→ **Records for the task**
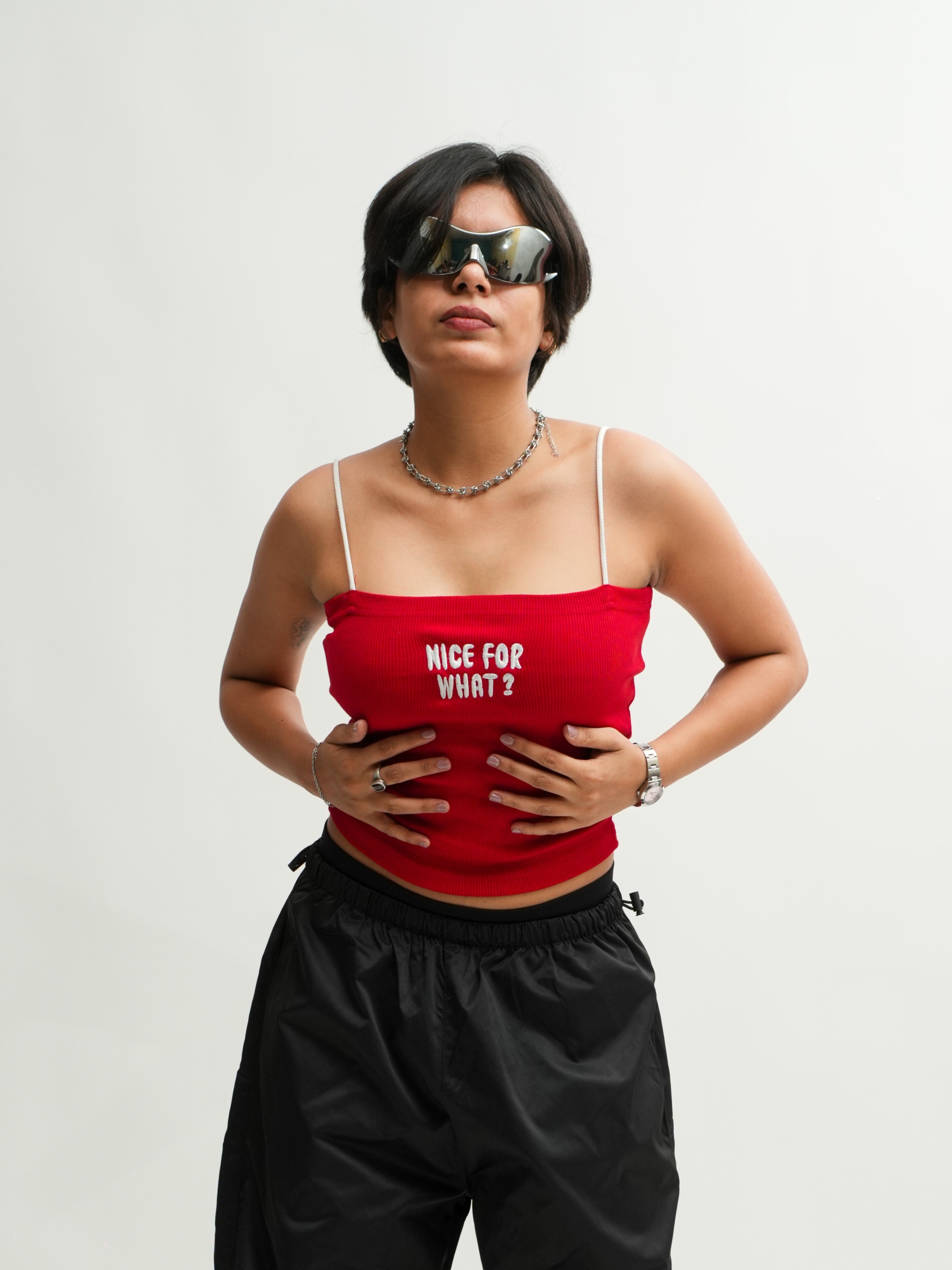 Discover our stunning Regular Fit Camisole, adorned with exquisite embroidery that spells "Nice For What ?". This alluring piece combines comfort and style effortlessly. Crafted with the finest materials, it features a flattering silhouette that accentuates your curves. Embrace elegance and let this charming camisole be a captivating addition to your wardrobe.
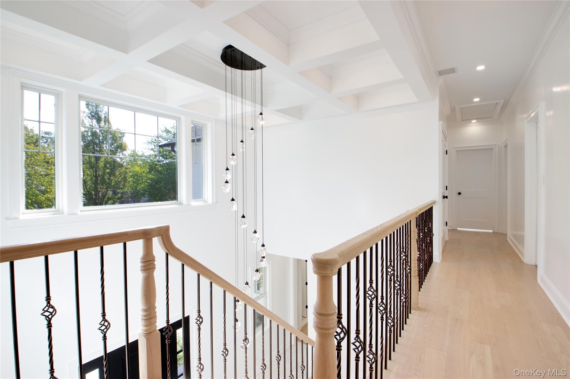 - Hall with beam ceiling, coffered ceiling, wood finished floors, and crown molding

==

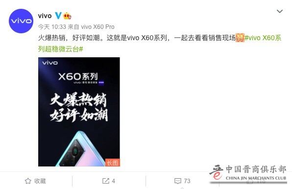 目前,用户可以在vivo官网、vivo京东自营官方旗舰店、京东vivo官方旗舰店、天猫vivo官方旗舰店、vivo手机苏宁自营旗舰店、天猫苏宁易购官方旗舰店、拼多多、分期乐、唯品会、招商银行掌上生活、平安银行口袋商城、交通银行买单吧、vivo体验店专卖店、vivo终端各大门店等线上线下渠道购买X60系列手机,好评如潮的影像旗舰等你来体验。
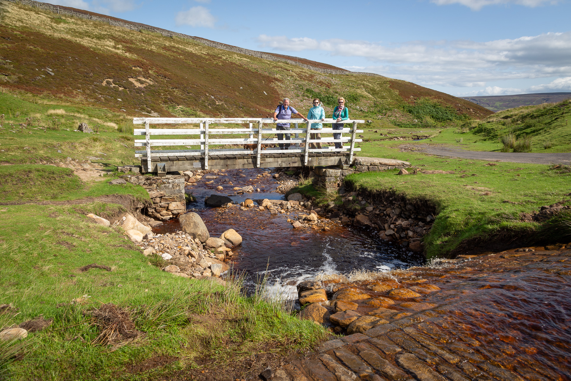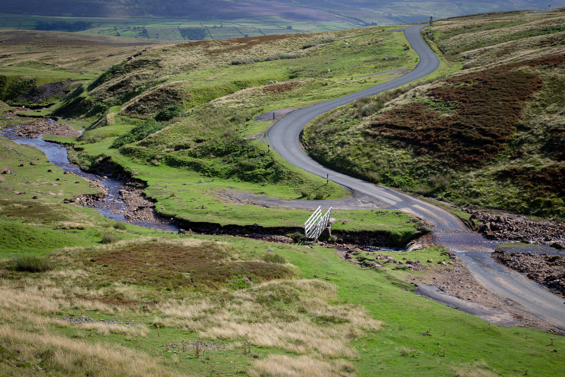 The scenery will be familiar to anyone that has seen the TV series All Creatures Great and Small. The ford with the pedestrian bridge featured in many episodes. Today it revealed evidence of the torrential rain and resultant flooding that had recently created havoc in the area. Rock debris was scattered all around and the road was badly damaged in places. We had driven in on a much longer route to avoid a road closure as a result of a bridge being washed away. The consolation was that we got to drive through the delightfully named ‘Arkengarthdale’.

→ **Directions**
Going by the data above, give back only the lines from the one containing "Discover our stunning" through the one containing "- Hall with", exactly as they stand, both ends included and no images.

→ **Written solution**
 Discover our stunning Regular Fit Camisole, adorned with exquisite embroidery that spells "Nice For What ?". This alluring piece combines comfort and style effortlessly. Crafted with the finest materials, it features a flattering silhouette that accentuates your curves. Embrace elegance and let this charming camisole be a captivating addition to your wardrobe.
 - Hall with beam ceiling, coffered ceiling, wood finished floors, and crown molding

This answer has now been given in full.